I keep the data in an Excel file, named "covid-19_my_full.xls", which I update daily before reading it into R.
# read prexisting xls first, the append new row to existing dataframe
data_temp = read_xls("covid-19_my_full.xls")
data_temp = rbind(data_temp, data_all)
data_temp = as.data.frame(data_temp)

# write to xls, change to your file name
write.xlsx2(data_temp, "covid-19_my_full.xls", sheet = "main", showNA = F, row.names = F)
Get the numbers for each state in Malaysia

Now we're done with the data for the whole Malaysia, we want to get the numbers for each state.
New cases

This is easily obtained from the table my_table.
colnames(my_table) = c("state", "new_cases", "total_cases")
my_table[,2] = as.numeric(str_remove_all(my_table[,2], ","))  # remove ","
my_table[,3] = as.numeric(str_remove_all(my_table[,3], ","))  # remove ","
data_state = my_table
Deaths

This is the most difficult part of the web scraping.

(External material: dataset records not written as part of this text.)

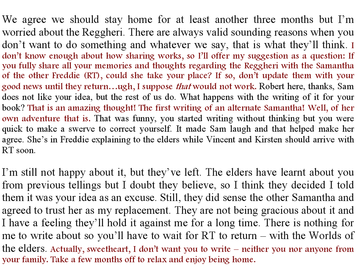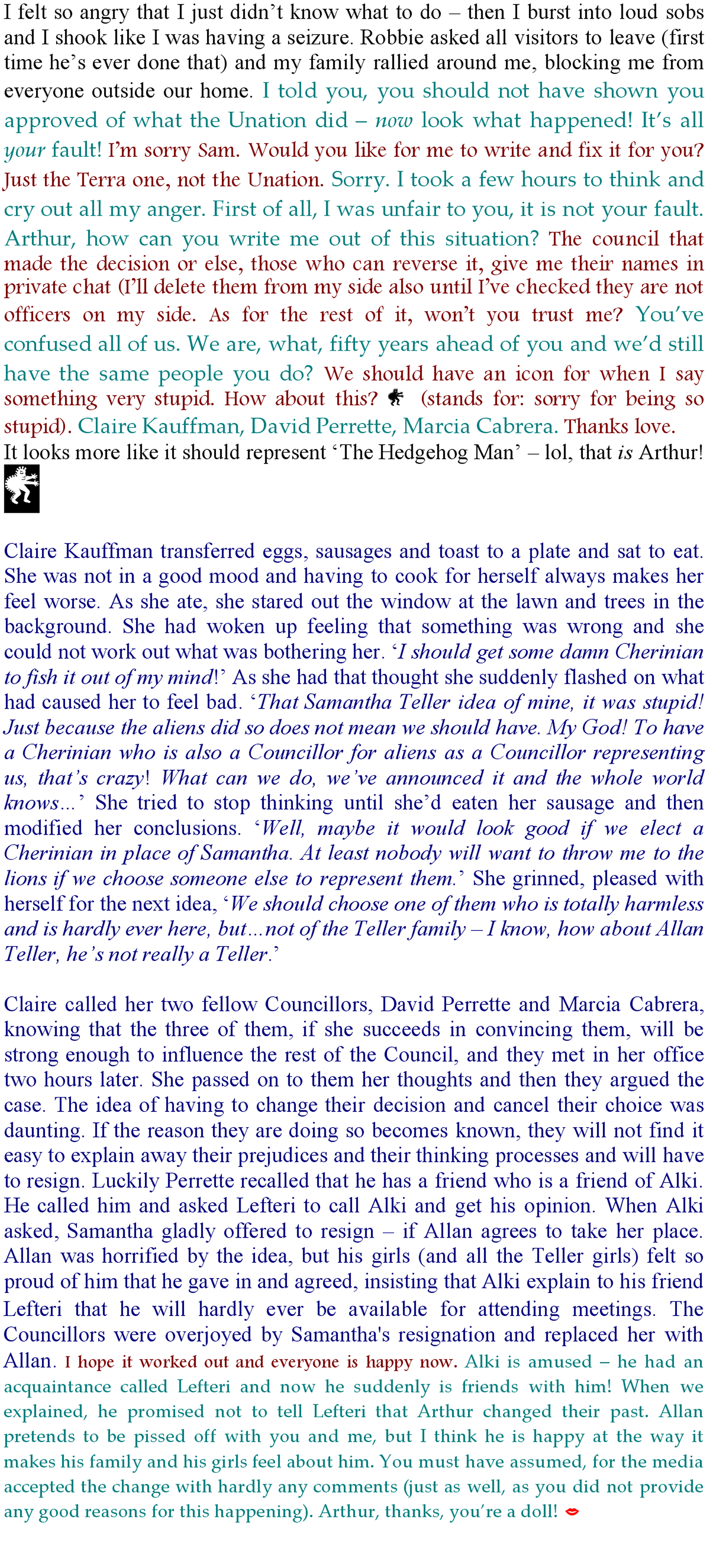 Now that they know they are on the way to implementing their decisions, there is a sense of urgency as they go over all the arguments for and against doing what they agreed with Samantha and Solomon. I’ve taken to sitting close enough to hear them without them feeling I’m there to intrude. Not that they seem to notice my presence, even though they know I’m there. From what I hear, they are not happy about giving up their presence and influence with their people, but they cannot ignore the fact that they are damaging their future. I was pleased to hear Rarlii worry aloud that if they do not go ahead as planned, it is likely their species will be extinct within a dozen generations. The others agreed with him but they cannot seem to rid themselves of their fear of dying.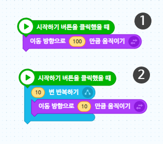 시작하기 버튼을 클릭했을때 오브젝트가 10번 반복하면서 이동 방향으로 10만큼 움직입니다.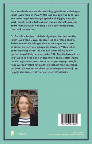 Dr. Machin baseert zich in dit werk op haar eigen onderzoek en op de laatste inzichten uit de genetica, neurowetenschappen en psychologie. Papa worden vertelt het prachtige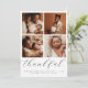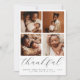 Esta sencilla y moda escuela de cuatro fotos de la ducha de bebé, plantilla de tarjeta de agradecimiento es perfecta para presentar a su bebé en la temporada de fiestas de Acción de Gracias! Presenta un aspecto elegante, moderno y nítido, blanco y negro, cuatro de sus fotos favoritas para bebés, un encabezado "agradecido" en una caligrafía de escritura elegante, y el nombre y estadísticas de su bebé con un tipo de letra de moda clásico. Al revés aparece el mensaje de agradecimiento de su personalizado y un pequeño corazón de boho. Usa las herramientas intuitivas de diseño, tus fotos favoritas y tu inspiración, y haz que este minimalista y elegante collage de fotos de regalo de ducha bebé gracias / tarjeta de anuncio de natalidad de Acción de Gracias exclusiva tuya!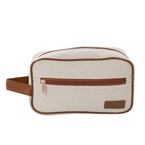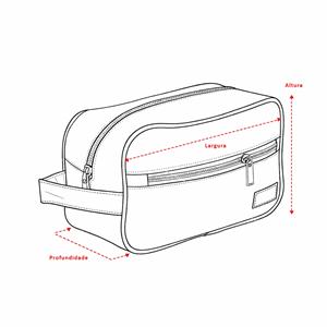 Descrição: Nécessaire confeccionada em lona e fechamento em zíper. Possui bolso frontal e compartimento principal com três bolsos internos, além de alça lateral e plaquinha costurada em couro sintético. Largura 25 cm Medidas aproximadas para gravação(CxL): 1,5 cm x 4,5 cm Peso aproximado(g): 147 Profundidade 10 cm Comprimento Alça 16,5 cm Altura 14,5 cm

The place of death is not consistently mentioned in the text. Sometimes the name of the hospital is mentioned together with the name of the state. Sometimes only the name of the hospital is mentioned. Thus this part can be improved over time. For the basic block, we will again use the 
 my_li that we obtain earlier.
# deaths by state [trial]
negeri = c("Perlis", "Kedah", "Pulau Pinang", "Perak", "Selangor", "Negeri Sembilan", "Melaka", "Johor", "Pahang", "Terengganu", "Kelantan", "Sabah", "Sarawak", "Kuala Lumpur", "Putrajaya", "Labuan")
negeri_text = str_flatten(html_text(my_li[loc]))
# replacements, add more replacement list over time
negeri_text = str_replace(negeri_text, "Universiti Malaya", "Kuala Lumpur")
negeri_text = str_replace(negeri_text, "Hospital Sungai Buloh, Selangor", "-, Selangor")
negeri_text = str_replace(negeri_text, "Hospital Sungai Buloh", "Selangor")
negeri_text = str_replace(negeri_text, "Hospital Selayang, Selangor", "-, Selangor")
negeri_text = str_replace(negeri_text, "Hospital Selayang", "Selangor")
negeri_text = str_replace(negeri_text, "Kuching, Sarawak", "-")
negeri_text = str_replace(negeri_text, "daripada Perlis", "-")
# count the states
new_deaths_state = str_count(negeri_text, negeri); new_deaths_state
Known issues with the method:

state name not mentioned.
multiple mention of state name in text.

Now add the death count to the data_state:
data_state$new_deaths = c(new_deaths_state, sum(new_deaths_state))
data_state
Update existing xls [state]

I keep the data in an Excel file, named "covid-19_my_state.xls", which I update daily before reading it into R. I keep the newly fetched data into a new sheet, named in %Y%m%d format, e.g. 20200415. This will change to the date today.
write.xlsx2(data_state, "covid-19_my_state.xls", sheetName = paste0(format(as.Date(my_date), "%Y%m%d")), append = T, showNA = F, row.names = F)
Conclusion

Using the method, it will make the process of getting new data easier, without having to read the press release in detail. This can be easily integrated in any analysis workflow in R.